When the records are reproduced, each one must match exactly, and no picture may be kept.

━━━━━━━━━━━━━━━━━━━━

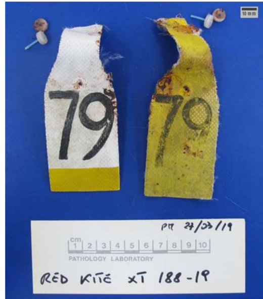
FIGURE 2. Patagial wing tags removed from left wing (white) and right wing (yellow) of a Red Kite ( Milvus milvus ) designated Red Kite 1, found in Deene, Northamptonshire, UK, September 2018.

Red Kite 1, which had been tagged as a fledgling in 2004, was found dead on a footpath on 31 August 2018 in Deene, Northamptonshire, received at IoZ on 11 September 2018, and immediately frozen at -20\text{ C} until examination on 13 September 2018. This adult female was carrying a patagial tag on each wing (Fig. 2). The carcass weighed 918.6 g (adult female range 800–1,300 g; Snow et al. 1998) and was deemed
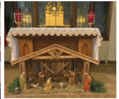
Nativity in Our Chapel
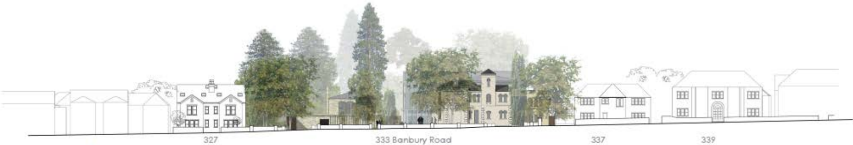
Banbury Road Street Elevation
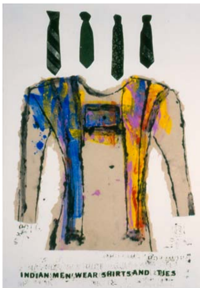
Indian Men Wear Shirts and Ties , lithograph, pulp paper painting, 1997, 41.75 x 29.25" Donated by Rutgers Center for Innovative Print and Paper

across the composition, Quick-to-See Smith arranged the text above and below the images. She is letting the viewer know that indigenous people have been on this continent for millennia creating American art. Any art history of the American continents celebrates our place in the art world over thousands of years.
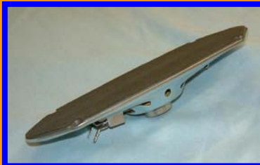
4x10" Slim-Line $39.95ea

━━━━━━━━━━━━━━━━━━━━

SOLUTION TO THE EXERCISE:
FIGURE 2. Patagial wing tags removed from left wing (white) and right wing (yellow) of a Red Kite ( Milvus milvus ) designated Red Kite 1, found in Deene, Northamptonshire, UK, September 2018.

Red Kite 1, which had been tagged as a fledgling in 2004, was found dead on a footpath on 31 August 2018 in Deene, Northamptonshire, received at IoZ on 11 September 2018, and immediately frozen at -20\text{ C} until examination on 13 September 2018. This adult female was carrying a patagial tag on each wing (Fig. 2). The carcass weighed 918.6 g (adult female range 800–1,300 g; Snow et al. 1998) and was deemed
Nativity in Our Chapel
Banbury Road Street Elevation
Indian Men Wear Shirts and Ties , lithograph, pulp paper painting, 1997, 41.75 x 29.25" Donated by Rutgers Center for Innovative Print and Paper

across the composition, Quick-to-See Smith arranged the text above and below the images. She is letting the viewer know that indigenous people have been on this continent for millennia creating American art. Any art history of the American continents celebrates our place in the art world over thousands of years.
4x10" Slim-Line $39.95ea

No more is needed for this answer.